Half an hour later, the reporter read that clinic's intake note:
- The
note made no mention about kidney stones, only that the patient
complained of back pains and had some incontinence… [The nurse]
obviously never read my consult or my note.
Later the reporter
checked the physician's progress notes for that clinic visit.
- [The
physician] indicated that the patient complained of incontinence
and ... placed the patient on ditropan and scheduled [the next]
appointment for 6 months. [That physician] did not read my progress
notes, or the consult I sent.
Through an intermediary
contact, the patient saw another physician who scheduled a lithotripsy.
To
Be or Not to Be a PEG Tube
A PSRS reporter
was concerned about confusing orders written for a dialysis patient.
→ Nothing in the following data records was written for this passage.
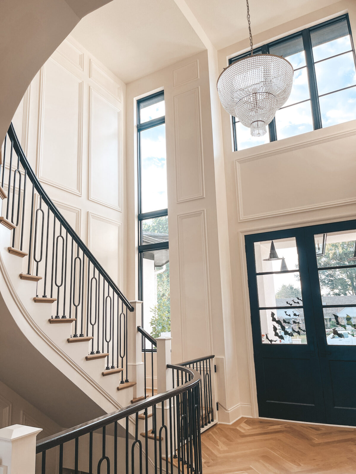 Stair Case Runners: Upstairs runner: Stark Carpet, Style: Antilocarpa, Color: Sand, Rug version here; Downstairs runner: Anderson-Tuftex, Style: Stroll, Color: Shoreline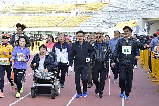 추운 날씨에도 불구하고 5,500여 명의 선수들과 김일권 양산시장을 비롯한 공무원과 시 소속 배구․탁구 선수들도 레이스에 참가해 눈길을 사로잡았다.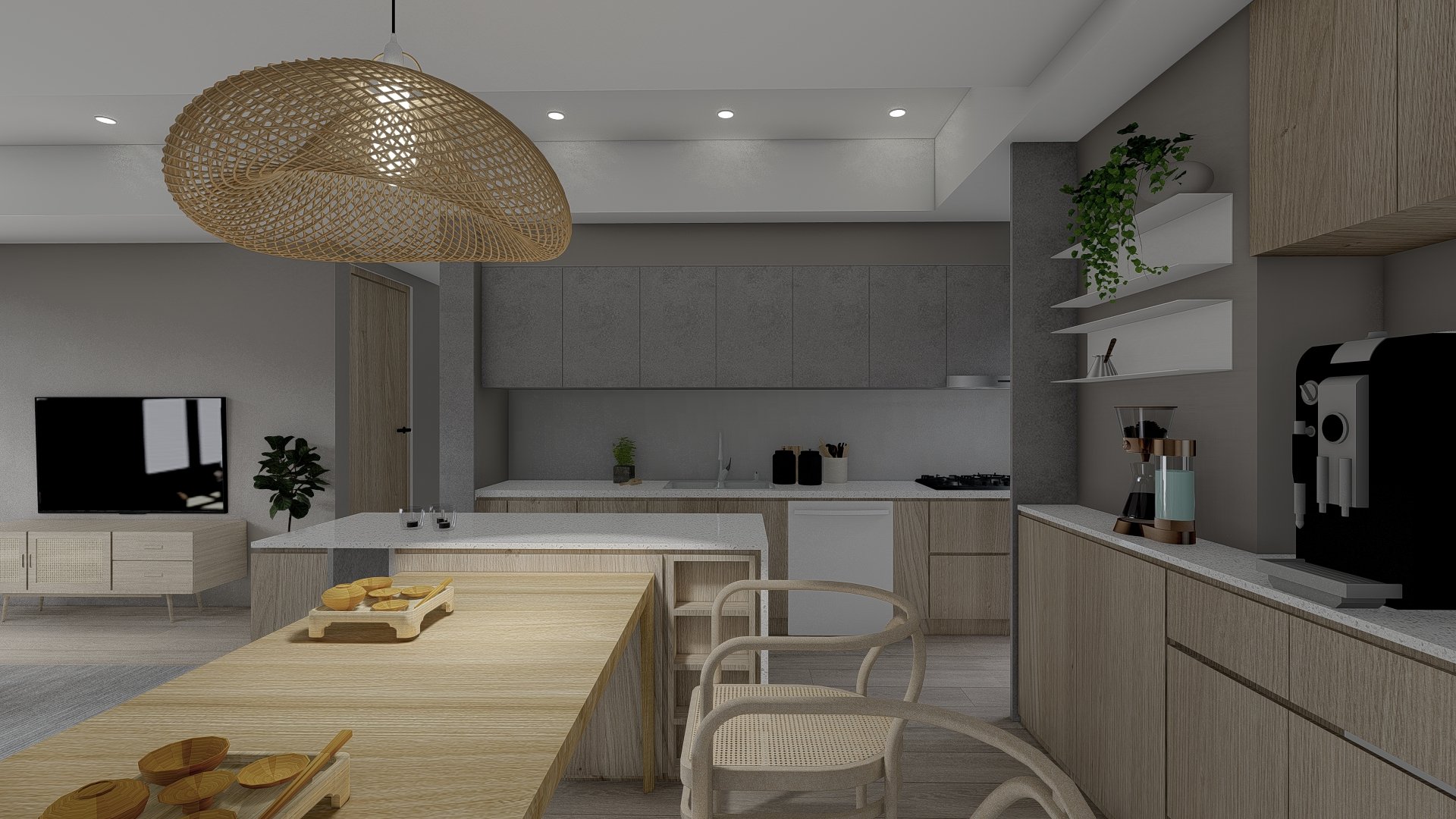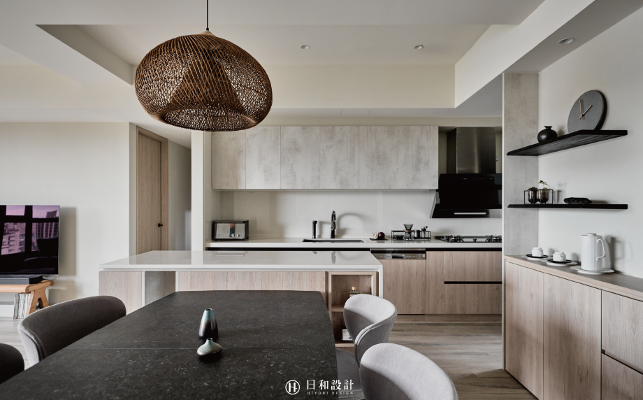 上方懸掛的吊燈以天然藤編點綴,光線透過編織紋理輕柔漫散,投下溫暖而富有層次的光影,使日常的用餐時光更添質感與情調。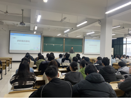 杨恒基从“HR看一份简历需要多长时间”的问题导入,围绕简历的常见问题、合格简历的基本要求、个人简历设计的注意事项,结合实际案例进行了详细的讲解。特别强调简历要集合求职意向、应聘岗位技能特点、个人实践经历等精心设计,在有限的字数内把有价值、针对性强的信息呈现出来。活动现场,同学们针对自身在设计个人简历过程中的疑问进行了互动交流。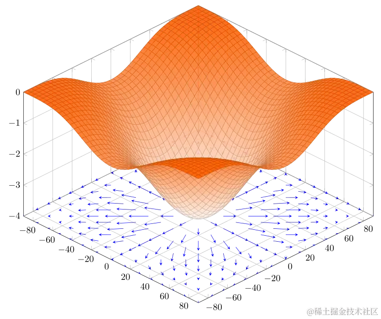 下图为一个曲面在直角坐标系中,各个整数坐标的梯度方向。假设最底端是我们想去的地方,那么需要在各个坐标的位置上不断的向梯度的反方向移动一小段距离△即可,注意每次移动都需要调整方向。这样即可把目标“如何达到最底端” 拆解成为一个可执行的数学公式。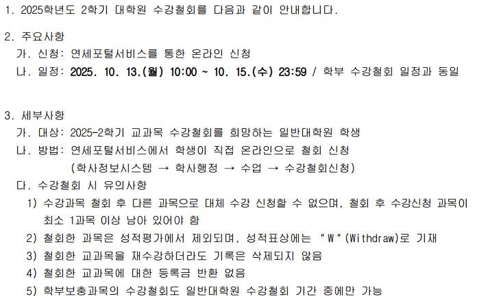 2025-2학기 수강철회 안내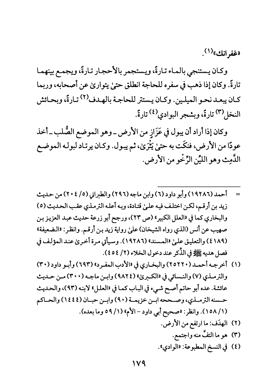 وكان يستنجي بالماء تارةً، ويستجمر بالأحجار تارةً، ويجمع بينهما تارةً. وكان إذا ذهب في سفره للحاجة انطلق حتى يتوارى عن أصحابه، وربما كان يبعد نحو الميلين. وكان يستتر للحاجة بالهدف (¬٢) تارةً، وبحائش النخل (¬٣) تارةً، وبشجر البوادي (¬٤) تارةً.

A physician incorrectly identified the patient's CAPD catheter as
a PEG tube for enterostomy (gastric) feedings, and wrote an order
to use the CAPD catheter as a feeding tube. The reporter noted the
reason that such an order posed a risk:
- A
CAPD catheter is for intra-abdominal peritoneal dialysis. It is
never used for anything but dialysis and must be very, very clean
to prevent acute bacterial infection in the belly.
Although the
progress notes did not record that the CAPD catheter was used for
feedings or administering medications, it had been modified:
- It
appeared the tube had been used for other than dialysis because
there was a three-way stopcock on the tube. A three-way stopcock
is not part of equipment for intra-abdominal peritoneal dialysis.
Small
Note, Large Effect
A PSRS reporter
described a situation where responding to a lab value without awareness
of a critical qualifying note led to an unneeded clinical intervention.
- Patient
remained hypokalemic (reflecting poor nutrition), requiring some
potassium supplementation, potassium repeatedly in the range of
3.3 - 3.6.
A later potassium
value showed a marked change:
- Potassium
of 5.8 noted on daily labs, interpreted as new hyperkalemia. Potassium
treated with Kayexelate… Potassium next am was 2.
However, the
lab result was inaccurate, due to hemolysis of the specimen:
- Lab
results noted that this specimen was grossly hemolyzed, but this
notation is small, at the bottom of the sheet, and was not copied
over to the progress note during the copy/paste process.
The reporter
recommended:
- Hemolyzed
specimens should be reported as such, without a value, with notification
to repeat the test.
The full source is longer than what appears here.